Now let’s say that I’m right and there is no God.  Greg Boyd dies and as a result his consciousness becomes just like it was before he was born — non-existent.  He will have lived his entire life promoting a lie.  Despite the desire to live a life where Jesus is Lord, and where “love is all that matters,” people will have followed after and believed in a delusion that he promoted his entire life.  People will have lived their lives feeling guilt for doing what comes natural biologically.  Families will have lived lives full of grief and strife over loved ones who did not believe, fearing that they were suffering for eternity after their death, or fearing it for decades before as they waited for the inevitable.  Individuals will have suffered at the words and hands of those living where “love is all that matters,” as they “love the sinner, but hate the sin.”  To promote this point of view when it is not true is to rob people of the only life they will ever get to live, and this is indeed a great tragedy.  However, the greatest tragedy of all is that Greg Boyd will not have the opportunity to say: “I was wrong.  I’m sorry.”
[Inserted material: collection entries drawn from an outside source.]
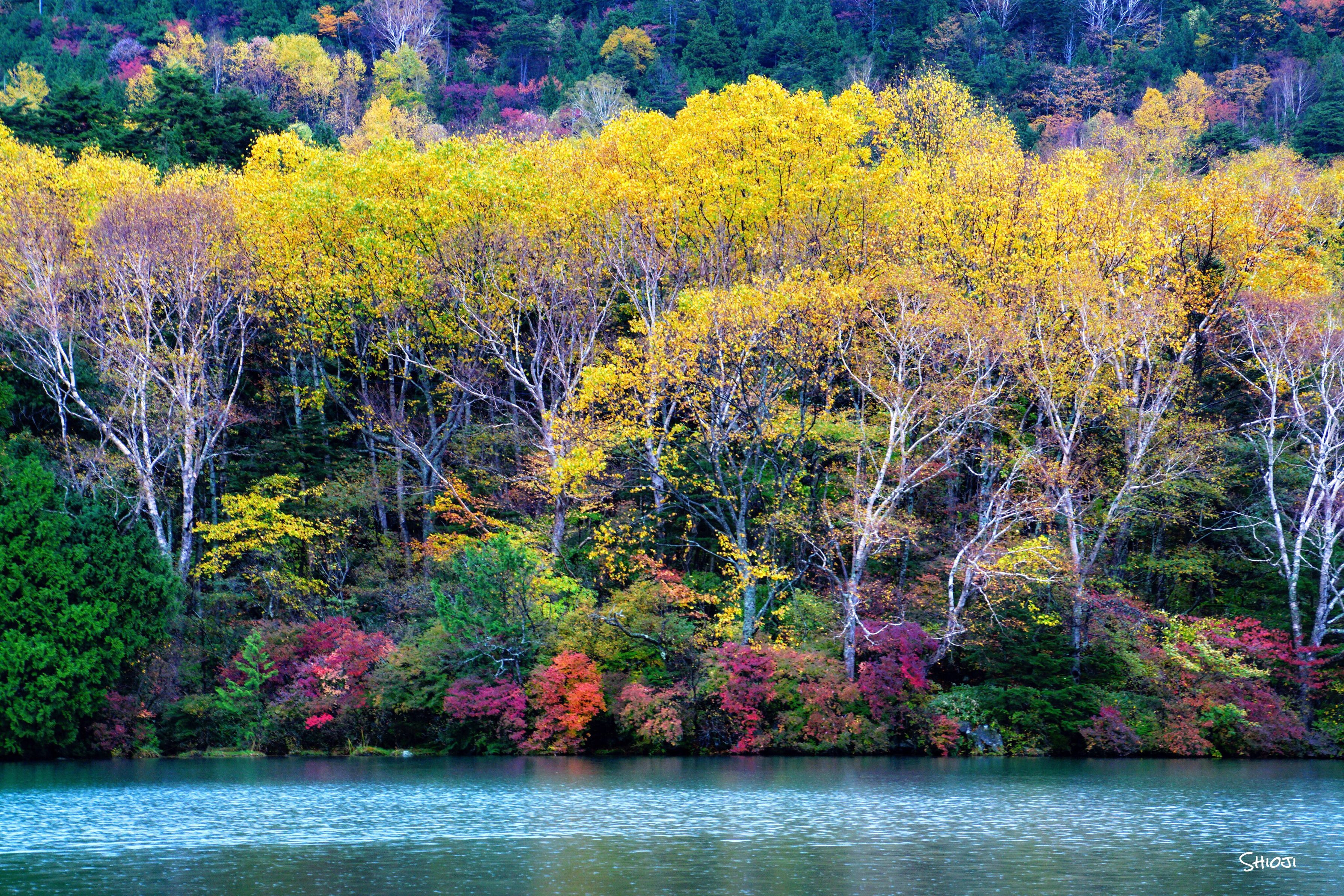 日光市 湯の湖の朝です。時々小雨が降って木々の色づきもより一層綺麗でした。
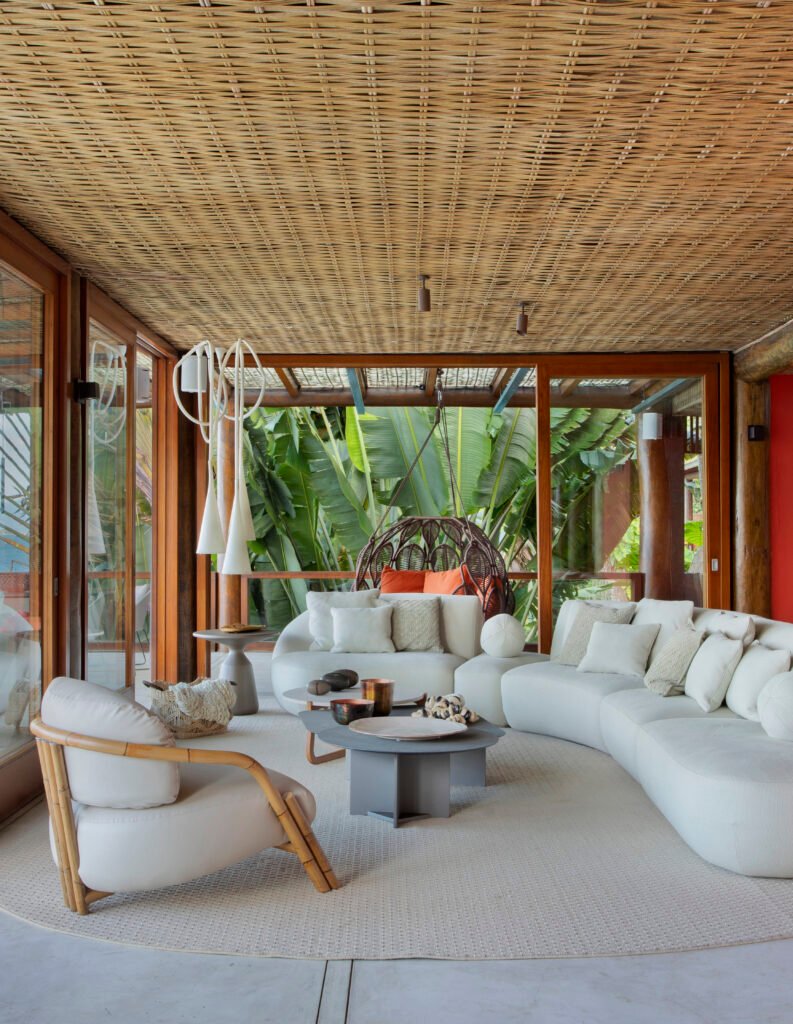 O conceito que orienta toda a proposta é o de uma casa de praia acolhedora, confortável e profundamente conectada à paisagem. Materiais naturais, tecidos leves, cores claras e iluminação indireta criam uma atmosfera relaxante, quase contemplativa. Poltronas, balanços e sofás generosos convidam a desacelerar, enquanto objetos artesanais e folhagens tropicais ajudam a construir um cenário que valoriza o tempo livre e o contato com a natureza. O estilo “Coastal Chic” aparece de forma sutil e elegante, sem excessos, privilegiando a sensação de bem-estar.
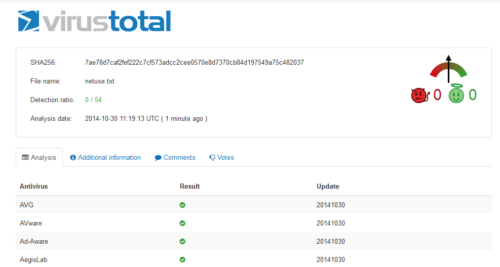Scan files against a lot of Anti Virus engines Posted on October 30, 2014 by Henrik At the moment it scans with 53 engines Virustotal

With the odds (tens-of-thousands of gods to one) and the evidence in favor of the atheist, agnostic, and the skeptic point of view, I stand fixed as a matter of conscience in the position of now being able to say I’m presently sorry for promoting what I now see was not truth (i.e. Christianity) for 15 years of my life.  In the event that both the odds and the evidence are wrong, then I guess I’ll find out later, and I’ll still be able to say, “I’m sorry.”  To say that “you have everything to gain, and nothing to lose, by living AS IF Jesus is Lord” is not only untrue, but it is to say you do not care so much for the truth, as much as for what makes you feel good.